DATA FOR PROCESSING section start

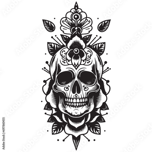 tribal skull tattoo, skull and crossbones, tattoo pattern, tattoo art, illustration, white background
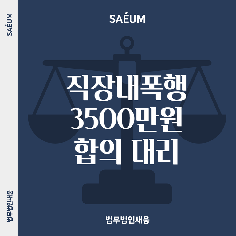 물론 이 과정이 쉽지는 않았습니다. B씨 측은 2,000만 원 이상은 절대 지급할 수 없다는 입장을 고수했으며, 이마저도 분납하겠다는 의사를 밝혔습니다. 하지만 법무법인 새움에서는 형사합의대리를 통해 지속적으로 상대방을 설득했고, 결국 최고 제시 금액의 2배에 가까운 합의금을 받는 것은 물론, 이를 일시금으로 받아 직장 내 폭행으로 인한 피해를 빠르게 회복할 수 있도록 도왔습니다.
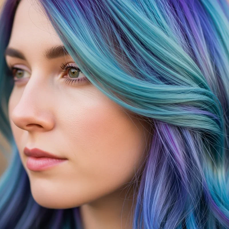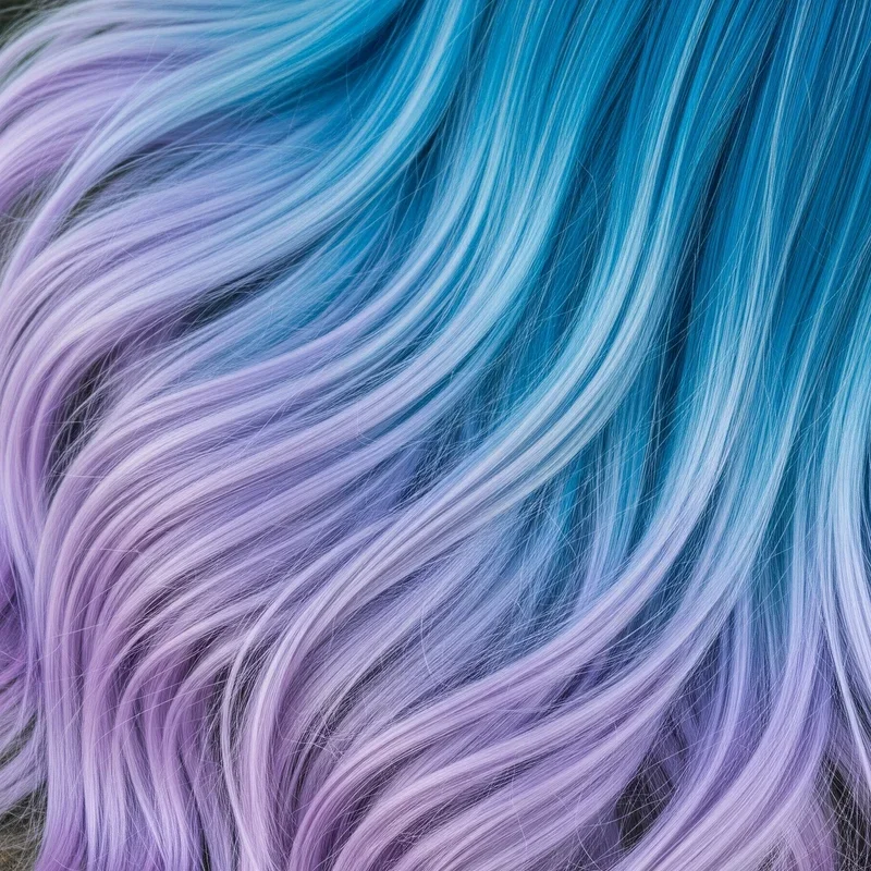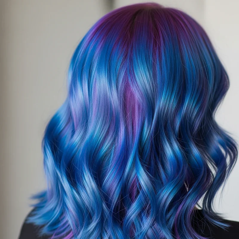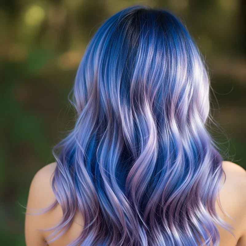 Enter the future with holographic hair that shifts between blue and purple with an opalescent shimmer that seems to glow from within. This cutting-edge color technique uses special formulations that create a prismatic effect, making your hair appear different colors depending on the angle and lighting. The base typically starts with a pale, almost silver canvas before applying translucent blue and purple tones that interact to create the holographic effect. This style requires expert application and specific products to achieve the true holographic finish rather than just mixed colors. The result is hair that looks like it belongs in a sci-fi movie, constantly shifting and shimmering with every movement. While this requires significant upkeep and special color-safe products, the otherworldly effect makes you look like you've stepped out of another dimension.
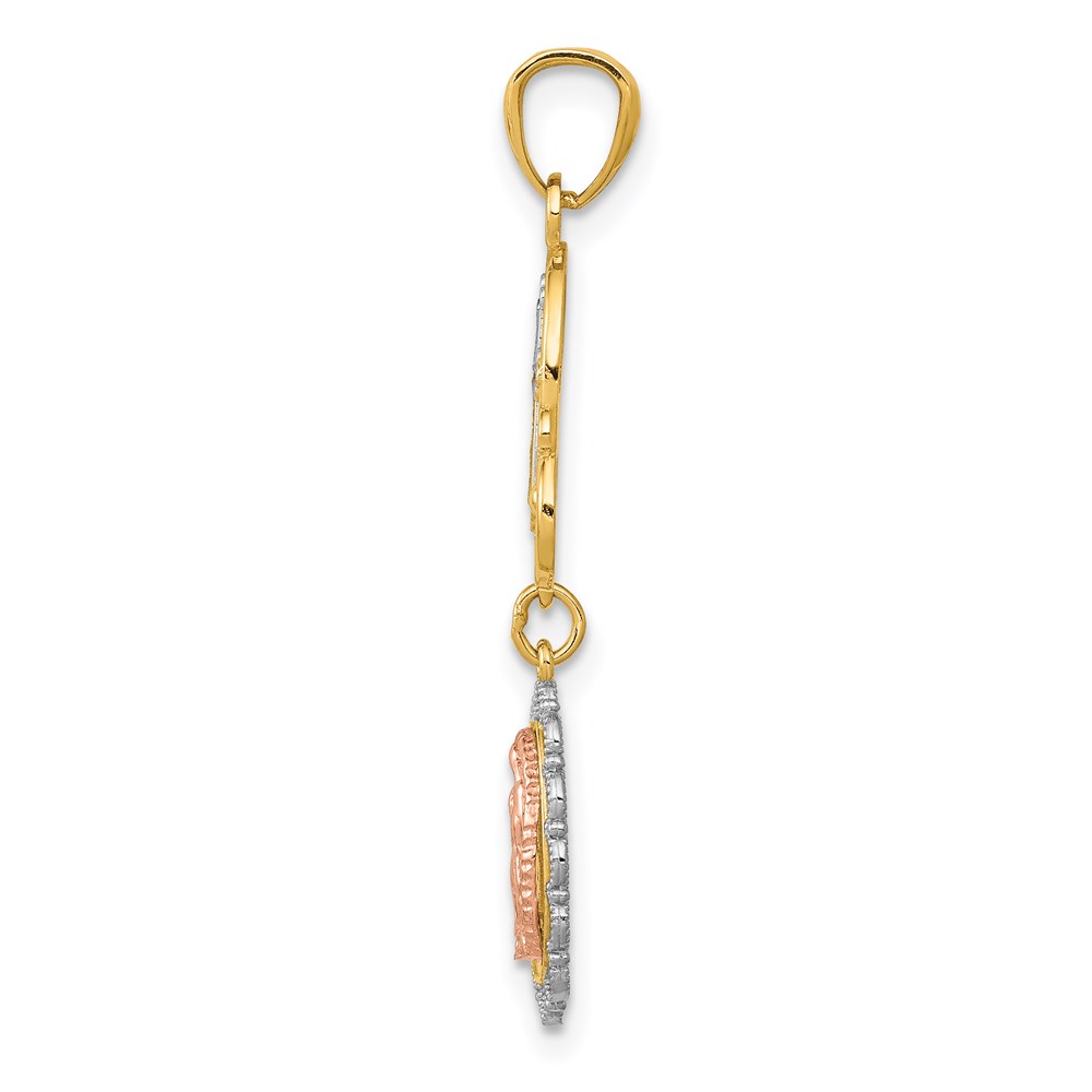 14K Two-Tone with White Rhodium Our Lady of Guadalupe and Cross Pendant
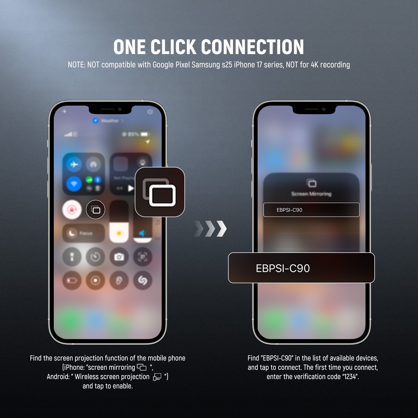 - Quick Magnetic Attachment- Magnetically attach the mini back camera mirror monitor to compatible with MagSafe smartphones or phones in magnetic cases. Compatible with iPhone 16 15 14 13 Pro Max, etc., as cell phone photography and vlog filming accessories. For nonmagnetic phones, use the magnetic ring. NOTE: NOT compatible with iPhone 17 series and Google Samsung s25 Android, NOT for 4K recording
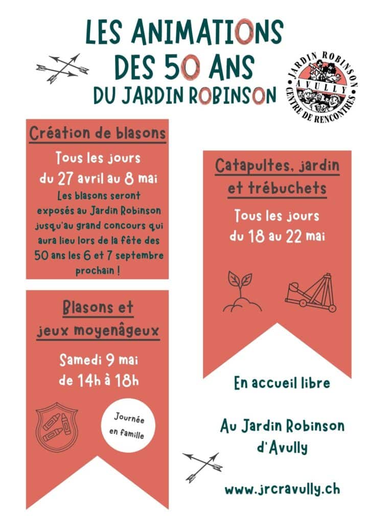 On créé des blasons, seul ou en groupe et on les laisse au Jardin Robinson 🙂 lors de la grande fête des 50 ans, le week-end du 5-6 septembre on proposera un concours de blasons !
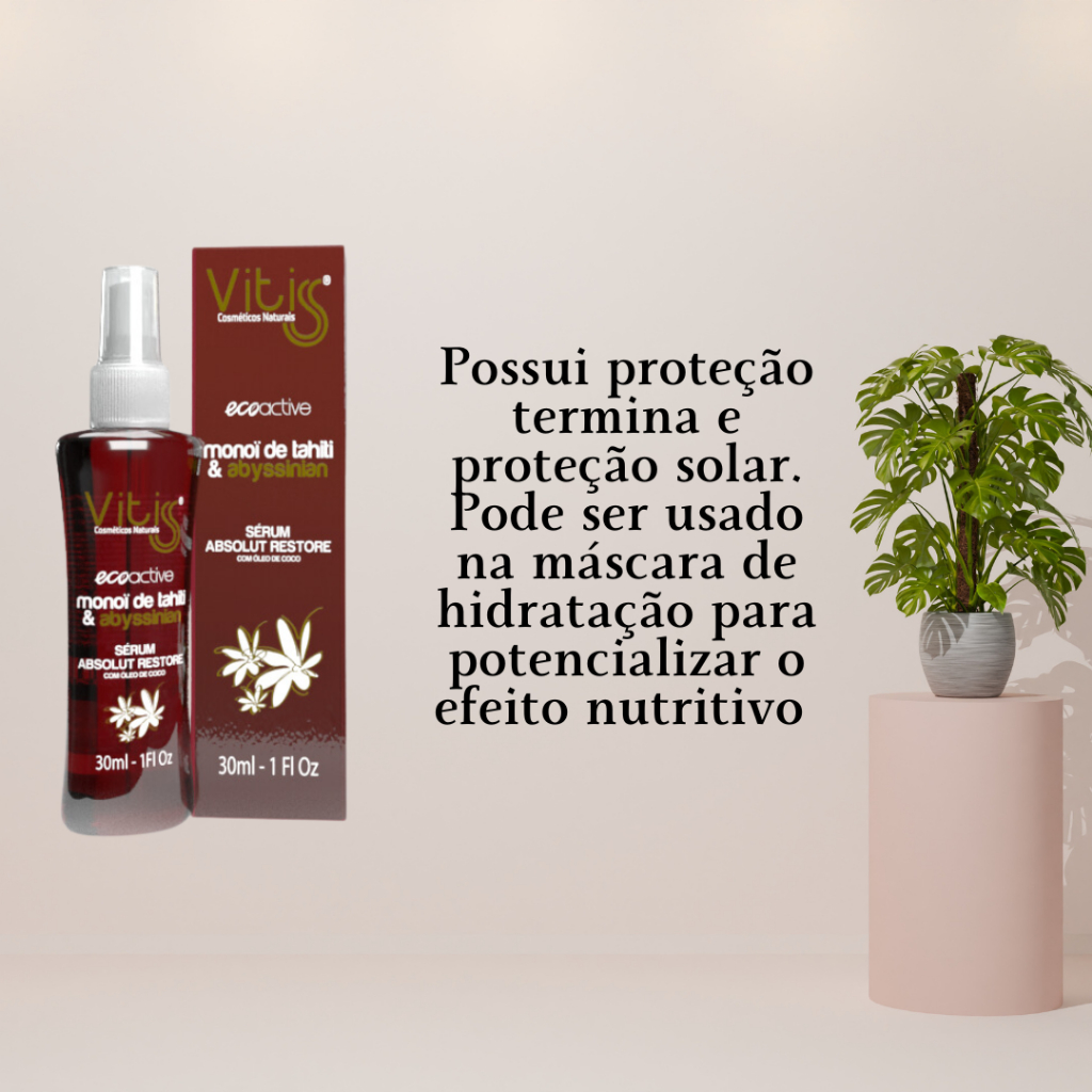 O Sérum Monoi de tahiti Vitiss oferece uma revolução no cuidado capilar. Enriquecido com a mágica dos óleos de Monoï de Tahiti e Abyssinian, combinado ao poderoso Óleo de Coco, este sérum de 30ml da Vitiss Cosméticos é sua nova arma secreta contra os danos. Imagine seu cabelo transformado, com a leveza e nutrição que apenas ingredientes exóticos podem proporcionar. A combinação única de óleos ricos em ácidos graxos penetra profundamente, reestabelecendo o equilíbrio lipídico da fibra capilar. Isso significa hidratação intensa, nutrição superior, e um brilho deslumbrante que reflete a saúde de seus cabelos. Além de trazer de volta a vida aos fios muito danificados, o Sérum Monoi de tahiti é perfeito para o dia a dia, oferecendo proteção térmica durante a escovação e um tratamento de brilho e controle de frizz para cabelos secos. Pode ser usado junto com a mascara capilar durante a hidratação dos cabelos, antes da escova e ou depois da escova. Adquira agora o Sérum Monoi de tahiti Vitiss e sinta a diferença desde a primeira aplicação.
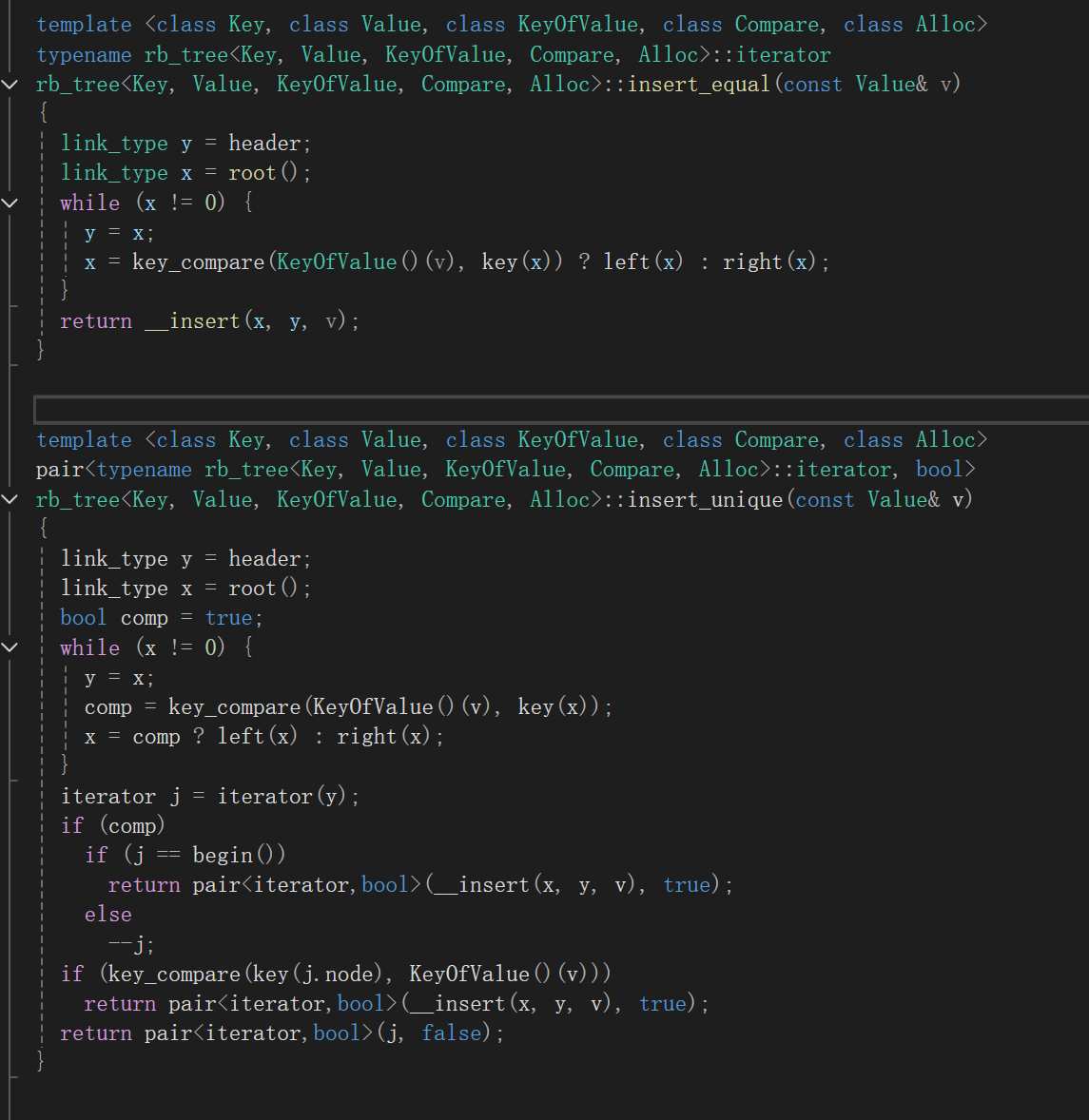 这俩函数都调了,看了看名字,一个叫equal一个叫unique,大概我猜昂,上面那个是用于插入相同数据,下面那个插入不同数据。因为我们学的set和map不是不允许冗余key的存在,multi版本的允许嘛,我们只实现普通的,所以就看那个unique版本吧。
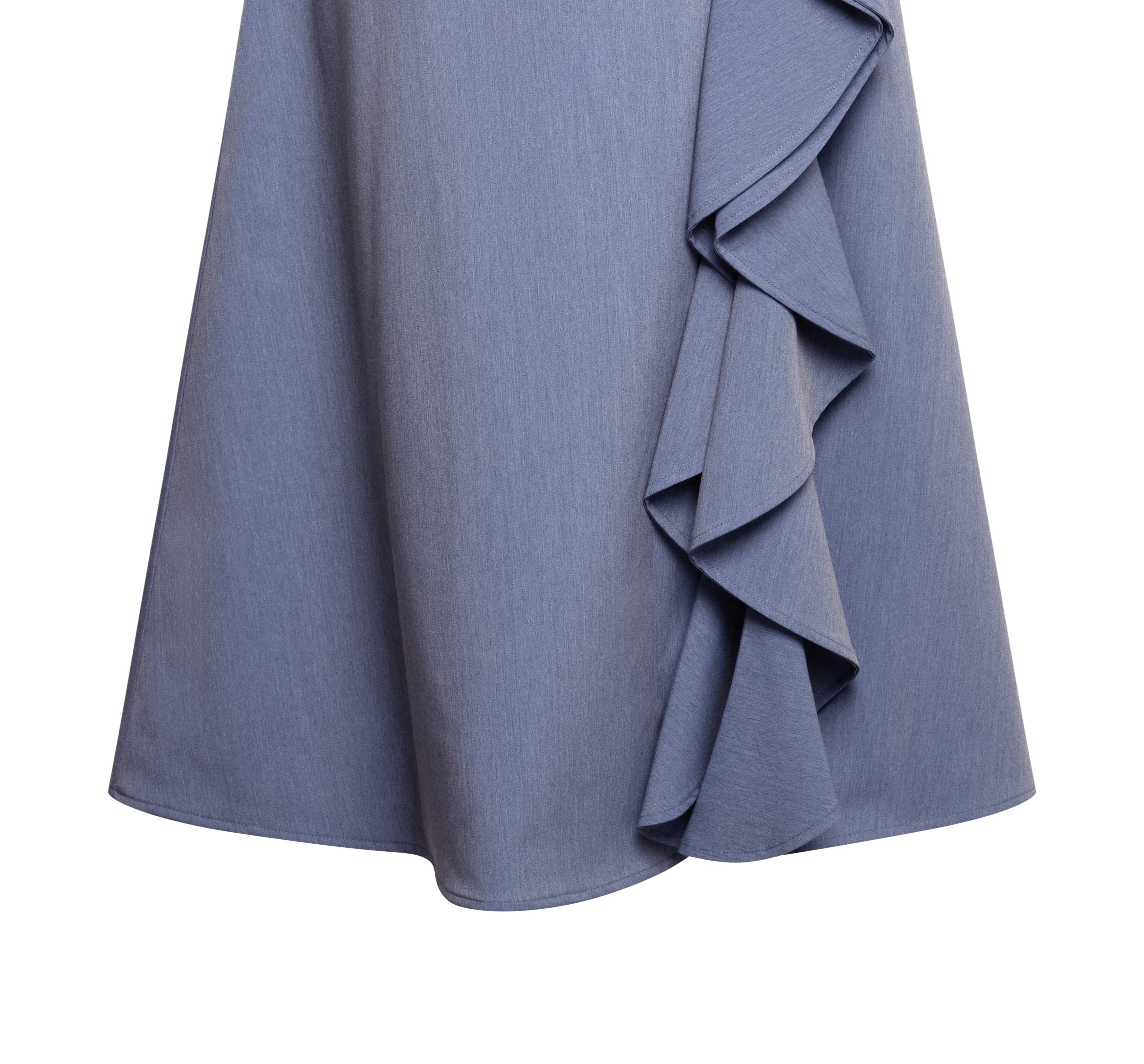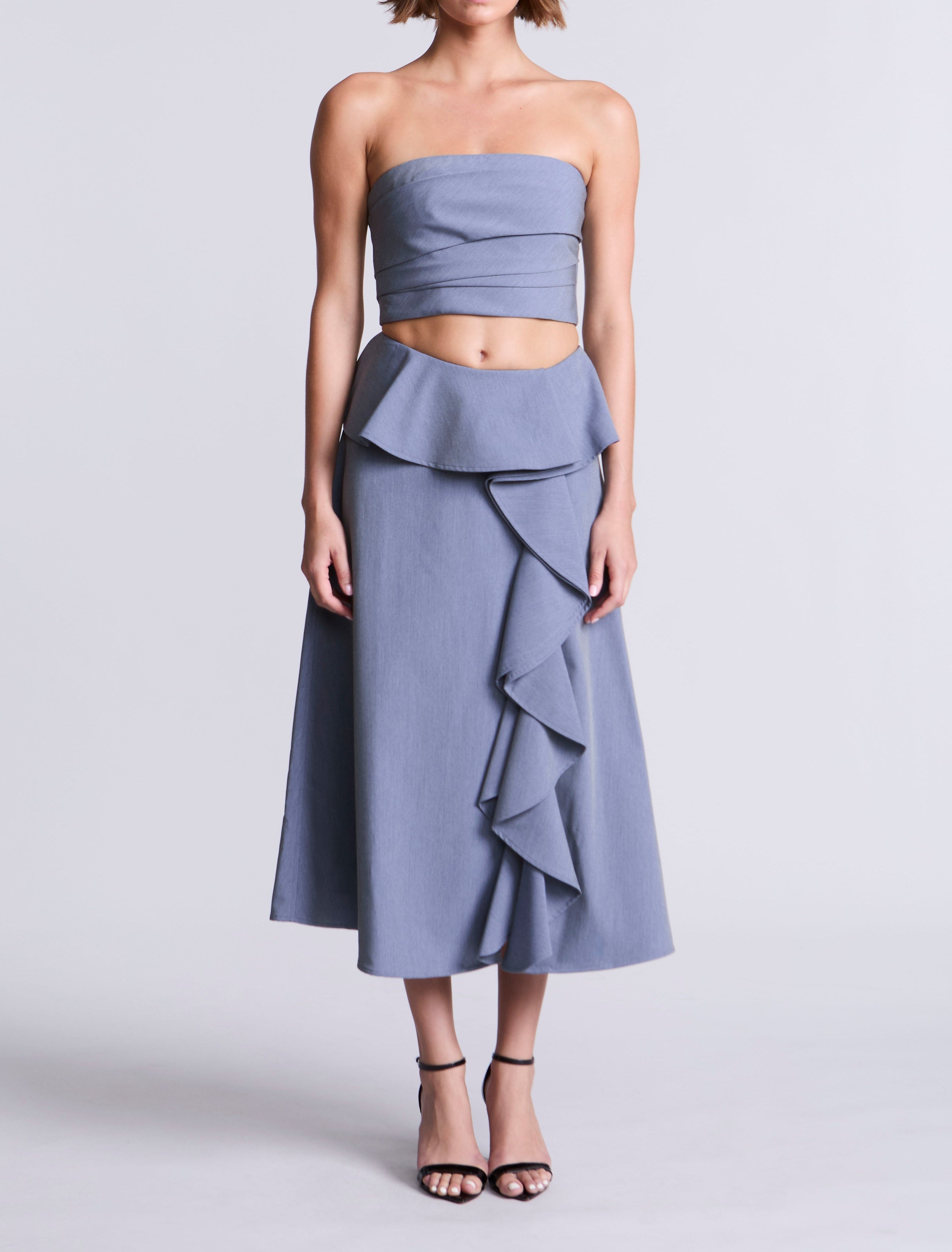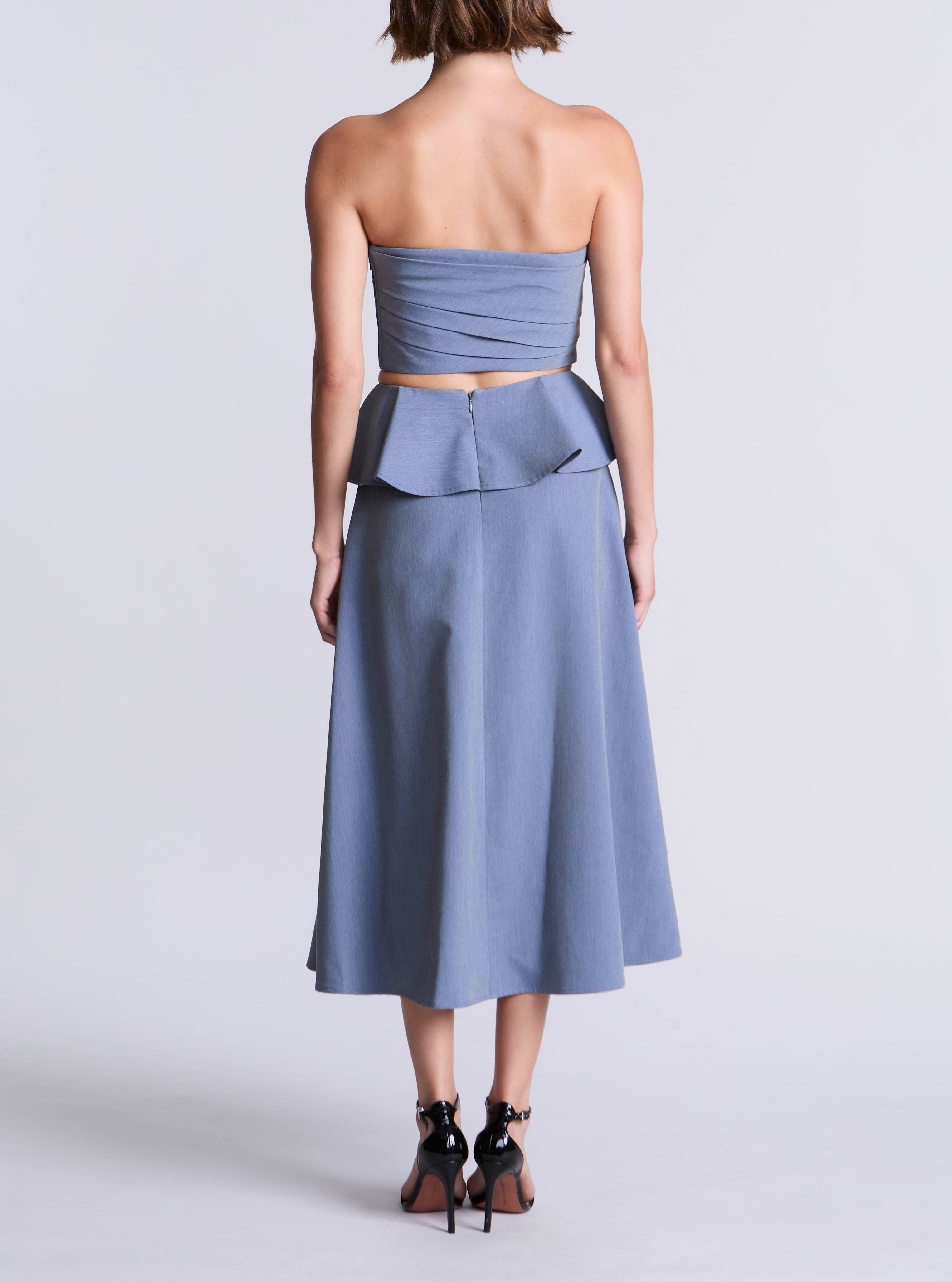 Chambray-inspired skirt with a flounced peplum waist and cascading front ruffle. Cut in a midi length with subtle volume through the hem, it adds playful structure to warm-weather looks. Wear it with the matching top or a tucked-in tee for easy polish.

DATA FOR PROCESSING section end

◆ WHAT YOU WILL DO
Pictures do not belong in the copy. Please reproduce the entries above exactly otherwise.

◆ COMPLETED EXERCISE
 tribal skull tattoo, skull and crossbones, tattoo pattern, tattoo art, illustration, white background
 물론 이 과정이 쉽지는 않았습니다. B씨 측은 2,000만 원 이상은 절대 지급할 수 없다는 입장을 고수했으며, 이마저도 분납하겠다는 의사를 밝혔습니다. 하지만 법무법인 새움에서는 형사합의대리를 통해 지속적으로 상대방을 설득했고, 결국 최고 제시 금액의 2배에 가까운 합의금을 받는 것은 물론, 이를 일시금으로 받아 직장 내 폭행으로 인한 피해를 빠르게 회복할 수 있도록 도왔습니다.
 Enter the future with holographic hair that shifts between blue and purple with an opalescent shimmer that seems to glow from within. This cutting-edge color technique uses special formulations that create a prismatic effect, making your hair appear different colors depending on the angle and lighting. The base typically starts with a pale, almost silver canvas before applying translucent blue and purple tones that interact to create the holographic effect. This style requires expert application and specific products to achieve the true holographic finish rather than just mixed colors. The result is hair that looks like it belongs in a sci-fi movie, constantly shifting and shimmering with every movement. While this requires significant upkeep and special color-safe products, the otherworldly effect makes you look like you've stepped out of another dimension.
 14K Two-Tone with White Rhodium Our Lady of Guadalupe and Cross Pendant
 - Quick Magnetic Attachment- Magnetically attach the mini back camera mirror monitor to compatible with MagSafe smartphones or phones in magnetic cases. Compatible with iPhone 16 15 14 13 Pro Max, etc., as cell phone photography and vlog filming accessories. For nonmagnetic phones, use the magnetic ring. NOTE: NOT compatible with iPhone 17 series and Google Samsung s25 Android, NOT for 4K recording
 On créé des blasons, seul ou en groupe et on les laisse au Jardin Robinson 🙂 lors de la grande fête des 50 ans, le week-end du 5-6 septembre on proposera un concours de blasons !
 O Sérum Monoi de tahiti Vitiss oferece uma revolução no cuidado capilar. Enriquecido com a mágica dos óleos de Monoï de Tahiti e Abyssinian, combinado ao poderoso Óleo de Coco, este sérum de 30ml da Vitiss Cosméticos é sua nova arma secreta contra os danos. Imagine seu cabelo transformado, com a leveza e nutrição que apenas ingredientes exóticos podem proporcionar. A combinação única de óleos ricos em ácidos graxos penetra profundamente, reestabelecendo o equilíbrio lipídico da fibra capilar. Isso significa hidratação intensa, nutrição superior, e um brilho deslumbrante que reflete a saúde de seus cabelos. Além de trazer de volta a vida aos fios muito danificados, o Sérum Monoi de tahiti é perfeito para o dia a dia, oferecendo proteção térmica durante a escovação e um tratamento de brilho e controle de frizz para cabelos secos. Pode ser usado junto com a mascara capilar durante a hidratação dos cabelos, antes da escova e ou depois da escova. Adquira agora o Sérum Monoi de tahiti Vitiss e sinta a diferença desde a primeira aplicação.
 这俩函数都调了,看了看名字,一个叫equal一个叫unique,大概我猜昂,上面那个是用于插入相同数据,下面那个插入不同数据。因为我们学的set和map不是不允许冗余key的存在,multi版本的允许嘛,我们只实现普通的,所以就看那个unique版本吧。
 Chambray-inspired skirt with a flounced peplum waist and cascading front ruffle. Cut in a midi length with subtle volume through the hem, it adds playful structure to warm-weather looks. Wear it with the matching top or a tucked-in tee for easy polish.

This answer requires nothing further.